There is an [math]O(N^2 \log N)[/math] deterministic algorithm. This is usually (if not always) sufficient for competitive programming contests / online judges (e.g., POJ 1981 Circle and Points).
If there exists a circle C that encloses M points, then by slightly moving C it will touch at least two points. 
So, essentially we just need to check all circles which touch (at least) 2 points:
- For each pair of points in the given set, construct a circle with radius R that touches both points. For each point pair there are at most two such circles.
- For each constructed circle, check for each of the given points is inside it.
- Return the circle that encloses the maximum number of points.
The runtime of this algorithm is [math]O(N^3)[/math] because there are at most [math]O(N^2)[/math] such circles in step 1, and the linear scan at step 2 takes [math]O(N)[/math] time.
So, how can we achieve [math]O(N^2 \log N)[/math]?
The idea is as follows:
Pick an arbitrary point P from the given set. We rotate a circle C with radius R using P as the "axis of rotation" (by convention, in the counter-clockwise direction), i.e. we keep C to touch P any time during the rotation. While C is being rotated, we maintain a counter to count the number of points C encloses.

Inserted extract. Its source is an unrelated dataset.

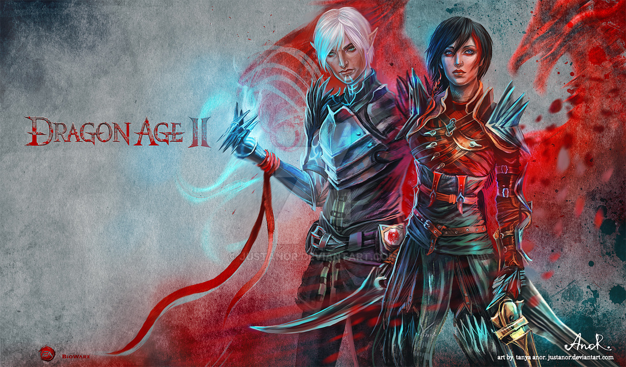 Description: A couple of people standing next to each other in front of a wall with a dragon age ii logo.
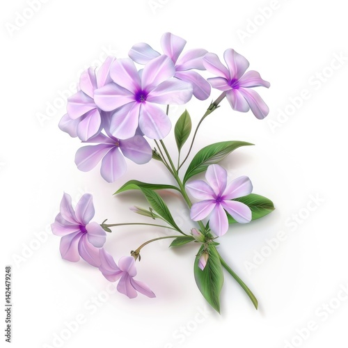 Delicate pastel phlox blossoms on a stem, artfully rendered.

Note that this counter only changes when some point Q enters (or leaves) the region of the circle C. Our goal is to come up with an algorithm that will increment (or decrement) this counter, whenever some other point Q ≠ P enters (or leaves) the region of C.
The state of the (rotating) circle C can be described by a single parameter [math]\theta[/math], where [math](r, \theta)[/math] are the polar coordinates of the center of the circle C, if we pick P as the fixed point of the polar coordinate system. With this system, rotating C means increasing [math]\theta[/math].
(Figure from Wikipedia: Points in a polar coordinate system)
For each other point Q (≠ P), we can actually compute the range of [math]\theta[/math] for which C covers Q. Put more formally, C encloses Q whenever (iff) [math]\theta \in [\alpha, \beta][/math]. 
So, up to this point, the original problem has been reduced to:
What is an optimal value of [math]\theta[/math] that lies in the most number of [math][\alpha, \beta][/math] intervals?
The reduced problem can be solved with a pretty standard [math]O(N \log N)[/math] algorithm. This reduced problem has to be solved N times (one for each point P), hence the time complexity [math]O(N^2 \log N)[/math].
The above algorithms assume that a point is considered being enclosed in a circle even if it is on the circumference. If not, we could still tweak them a bit, for example, by changing the intervals of [math]\theta[/math] from being close-close to close-open. (Hmm, probably – didn't think too much to verify, but you get the idea.)
: Unless all pairwise distances are > 2R, where the answer to the maximum number of points will be 1. This can be checked in [math]O(N^2)[/math] time.
: We ignore Q's with distance > 2R from P.
: Probably need to be careful when handling these cyclic intervals.